#37 - The AirPods Playbook for Growth
When Apple launched AirPods in 2016, critics called them overpriced and unnecessary.
By 2019, however, AirPods had become one of the most successful consumer hardware products in history — outselling not only every other pair of wireless headphones but generating more revenue than Airbnb and Shopify combined.
So how did a pair of earbuds go from joke to juggernaut? And what can SaaS companies learn from that trajectory?
1. Frictionless UX Wins
AirPods were the rare product that “just worked.” Open the case near an iPhone, and a pop-up appeared. Tap once, and you were paired. No app download. No tutorial. No guesswork.
That level of seamless onboarding is the holy grail in SaaS. The most successful software products eliminate friction between signup and value.
Zoom grew explosively because it required no setup — click a link, you’re in.
Notion and Figma gained traction by making powerful capabilities feel intuitive from the first interaction.
This goes beyond good design. It’s about collapsing the time between interest and impact. When users don’t need to ask “how do I use this?” they stick around longer and evangelize faster.
Key Takeaway: The faster a user gets to “aha,” the more likely they are to become a promoter.
2. Usage Is the Best Marketing
Apple never had to ask users to show off their AirPods — they were visible by default. You’d see them on the subway, in airports, at coffee shops. And with every sighting, a bit more social proof accumulated.
This same pattern exists in the best PLG (product-led growth) SaaS tools.
Slack invites bring new users into an ecosystem without a sales pitch.
Calendly links make a scheduling tool visible in every outbound email.
Loom videos start replacing walls of text in onboarding, sales, and support — spreading the product passively with each use.
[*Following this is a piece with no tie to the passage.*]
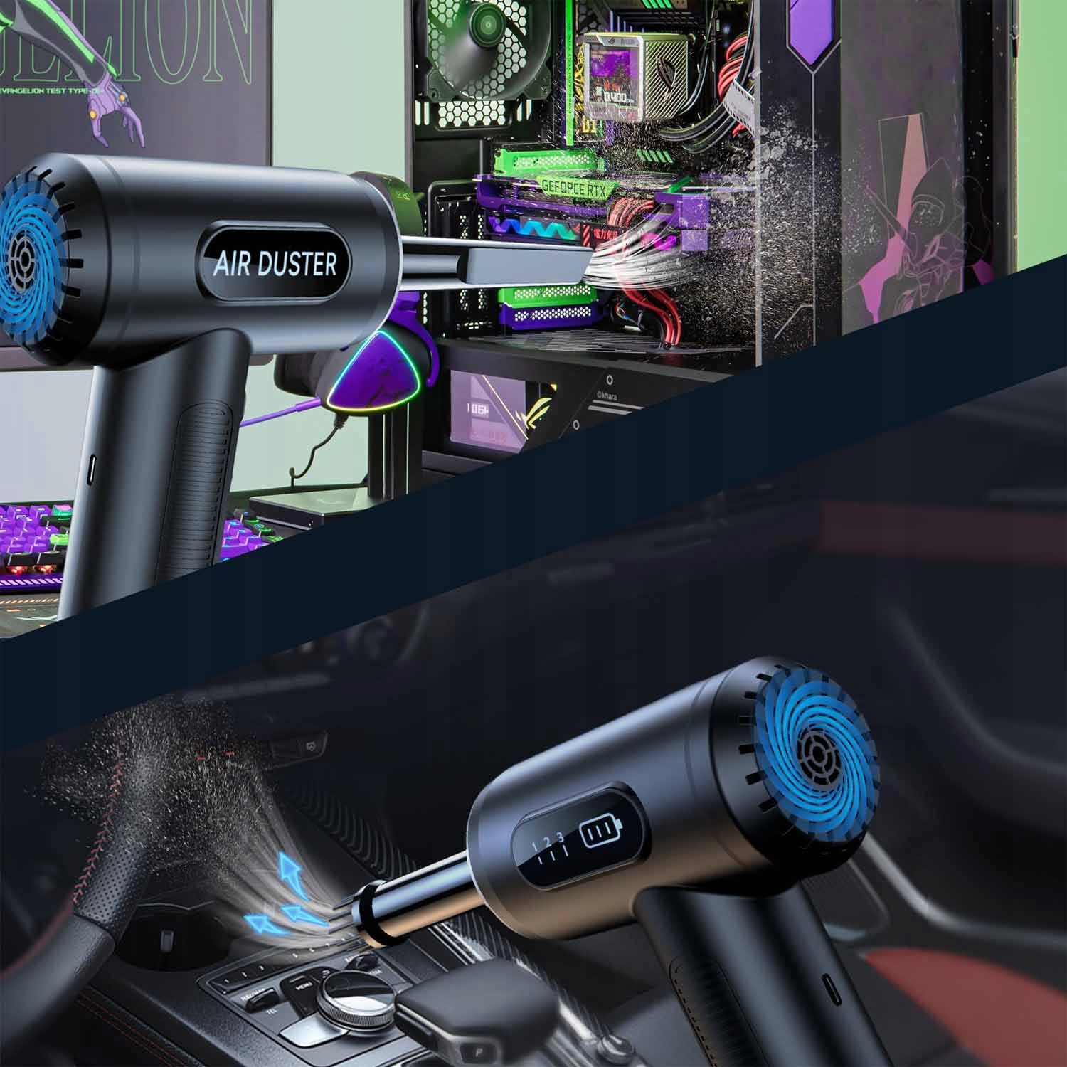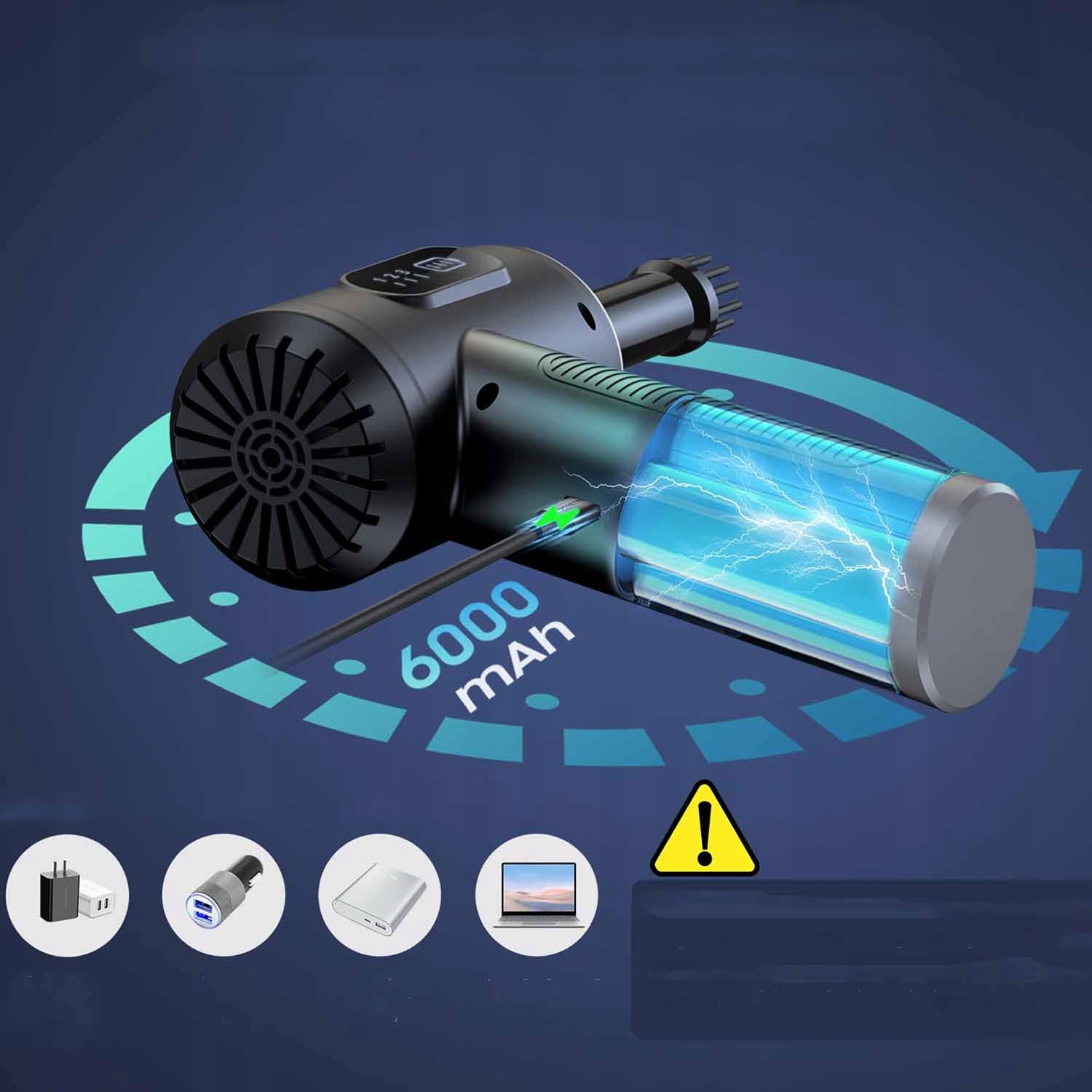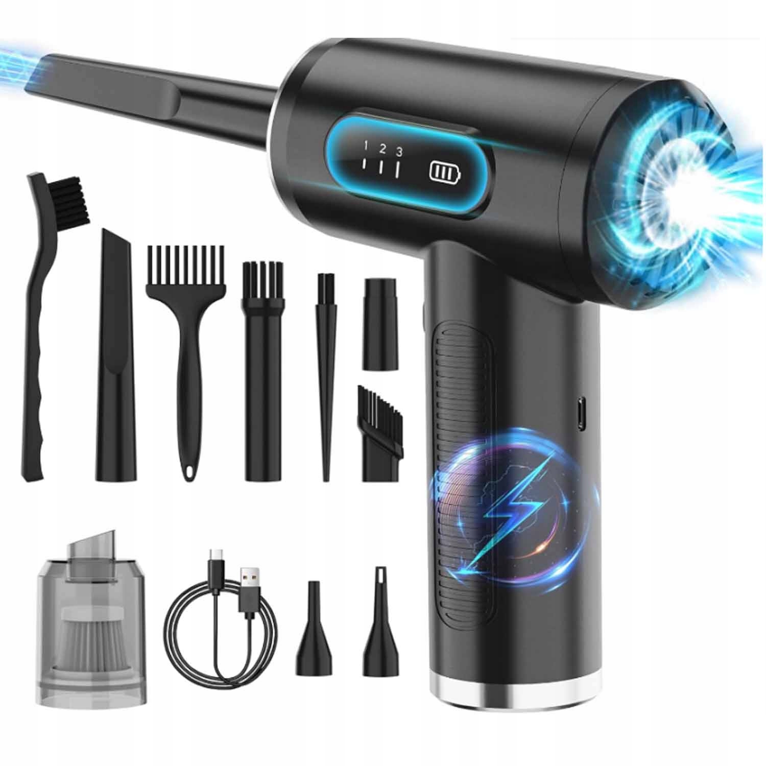 - ✔ Функції вибуху та пилососу: дезуфство та пилосос для стисненого типу повітря "два в одному" . Передня частина використовується для видування пилу, а задня використовується для вакууму. Підходить для різних електричних пристроїв. 12,5 м/с), сильний потік повітря, придатний для глибокого очищення, три рівні вакууму (; 3000pa, 4500pa та 6000pa), легко смоктати повітря. Натисніть і утримуйте кнопку живлення протягом 3 секунд, щоб увімкнути/вимкнути пристрій. Короткий прес викликає регулювання вітру/рівня вакууму до різних потреб. Вимкнене світлодіодне світло, яке дозволяє легко очистити кути і забезпечує велику зручність під час очищення. На дисплеї з високою роздільною здатністю показано швидкість вітру/рівень вакууму та решту потужності. Коли рівень акумулятора низький, символ живлення спалахне, а світлодіод не буде працювати. Передача даних типу C легко переносить і може бути заряджається ноутбуком, банком живлення, автоматичним зарядним пристроєм, акумулятором або перетворювачами живлення. вугілля. Насадка, що відповідає повітрям, також може бути використана для перекачування або спорожнення басейнів, ліжок, рятувальних човнів, вакуумних мішків тощо

By building distribution into the usage, these tools expand virally without massive spend.
Key Takeaway: Make your users your growth engine — not just your customers.
3. Ecosystems Create Moats
AirPods technically work with Android devices, but you lose most of the magic: auto-switching, “Hey Siri,” battery sync across devices, and instant pairing. The product is great — but it’s amazing inside the Apple ecosystem.
That’s a play SaaS companies have run for years.
Salesforce locks in customers through custom workflows, integrations, and data centralization.
Microsoft 365 wins because it bundles together everyday workflows and builds network effects across teams.
AWS creates stickiness by offering breadth and depth that make migration painful.
The moat isn’t just about product features — it’s about how deeply embedded the product becomes in a company’s workflows.
Key Takeaway: When your product becomes infrastructure, customers stop shopping for alternatives.
AirPods weren’t just a hardware win — they were a masterclass in product strategy. They nailed what every SaaS company is chasing: fast onboarding, organic distribution, and ecosystem lock-in.